Fakhro Khalid A, Yousri Noha A, Rodriguez-Flores Juan L, Robay Amal, Staudt Michelle R, Agosto-Perez Francisco, Salit Jacqueline, Malek Joel A, Suhre Karsten, Jayyousi Amin, Zirie Mahmoud, Stadler Dora, Mezey Jason G, Crystal Ronald G
Department of Genetic Medicine, Weill Cornell Medical College in Qatar, Doha, Qatar.
Division of Translational Medicine, Sidra Medical Research Centre, Doha, Qatar.

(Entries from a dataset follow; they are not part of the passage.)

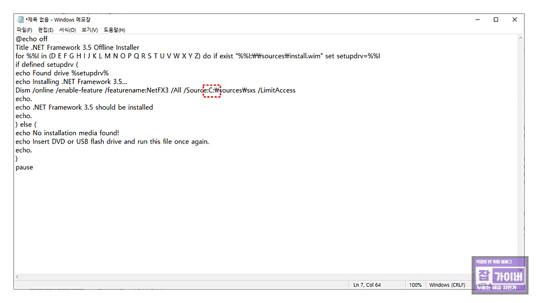 메모장을 실행 후 아래 코드를 복사하여 붙여넣기 합니다.
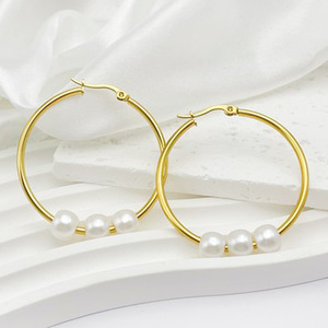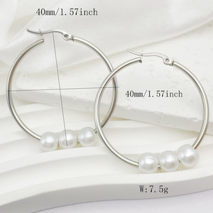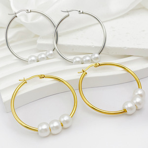 レトロ模造真珠ビーズイヤリングシンプルなステンレス気質耳輪幾何学円耳飾り
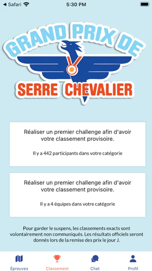 On y retrouve toutes les informations pratiques sur le parcours et permet de suivre en temps réel son score et celui des autres participants.

BMC Genomics. 2015 Oct 22;16:834. doi: 10.1186/s12864-015-1991-5.
The populations of the Arabian Peninsula remain the least represented in public genetic databases, both in terms of single nucleotide variants and of larger genomic mutations. We present the first high-resolution copy number variation (CNV) map for a Gulf Arab population, using a hybrid approach that integrates array genotyping intensity data and next-generation sequencing reads to call CNVs in the Qatari population.
CNVs were detected in 97 unrelated Qatari individuals by running two calling algorithms on each of two primary datasets: high-resolution genotyping (Illumina Omni 2.5M) and high depth whole-genome sequencing (Illumina PE 100bp). The four call-sets were integrated to identify high confidence CNV regions, which were subsequently annotated for putative functional effect and compared to public databases of CNVs in other populations. The availability of genome sequence was leveraged to identify tagging SNPs in high LD with common deletions in this population, enabling their imputation from genotyping experiments in the future.
Genotyping intensities and genome sequencing data from 97 Qataris were analyzed with four different algorithms and integrated to discover 16,660 high confidence CNV regions (CNVRs) in the total population, affecting ~28 Mb in the median Qatari genome. Up to 40% of all CNVs affected genes, including novel CNVs affecting Mendelian disease genes, segregating at different frequencies in the 3 major Qatari subpopulations, including those with Bedouin, Persian/South Asian, and African ancestry. Consistent with high consanguinity levels in the Bedouin subpopulation, we found an increased burden for homozygous deletions in this group. In comparison to known CNVs in the comprehensive Database of Genomic Variants, we found that 5% of all CNVRs in Qataris were completely novel, with an enrichment of CNVs affecting several known chromosomal disorder loci and genes known to regulate sugar metabolism and type 2 diabetes in the Qatari cohort. Finally, we leveraged the availability of genome sequence to find suitable tagging SNPs for common deletions in this population.
We combine four independently generated datasets from 97 individuals to study CNVs for the first time at high-resolution in a Gulf Arab population.
无论是在单核苷酸变异还是较大的基因组突变方面,阿拉伯半岛人群在公共遗传数据库中的代表性仍然是最低的。我们利用一种整合了阵列基因分型强度数据和下一代测序读数的混合方法,在卡塔尔人群中检测拷贝数变异(CNV),从而呈现出首个针对海湾阿拉伯人群的高分辨率CNV图谱。
通过对两个主要数据集分别运行两种检测算法,在97名无亲缘关系的卡塔尔个体中检测CNV:高分辨率基因分型(Illumina Omni 2.5M)和高深度全基因组测序(Illumina PE 100bp)。整合这四个检测集以识别高可信度的CNV区域,随后对这些区域进行推定功能效应注释,并与其他人群的CNV公共数据库进行比较。利用基因组序列信息来识别与该人群中常见缺失处于高连锁不平衡状态的标签单核苷酸多态性(SNP),以便未来能从基因分型实验中对其进行推断。
使用四种不同算法对97名卡塔尔人的基因分型强度和基因组测序数据进行分析并整合,在总体人群中发现了16,660个高可信度的CNV区域(CNVR),在卡塔尔人的中位基因组中影响约28兆碱基。所有CNV中高达40%影响基因,包括影响孟德尔疾病基因的新型CNV,在三个主要的卡塔尔亚人群中以不同频率分离,这些亚人群包括有贝都因、波斯/南亚和非洲血统的人群。与贝都因亚人群中较高的近亲结婚率一致,我们发现该组中纯合缺失的负担增加。与基因组变异综合数据库中已知的CNV相比,我们发现卡塔尔人所有CNVR中有5%是全新的,在卡塔尔队列中,影响几个已知染色体疾病位点以及已知调节糖代谢和2型糖尿病的基因的CNV有所富集。最后,我们利用基因组序列信息为该人群中的常见缺失找到合适的标签SNP。
我们首次结合来自97名个体的四个独立生成的数据集,在海湾阿拉伯人群中以高分辨率研究CNV。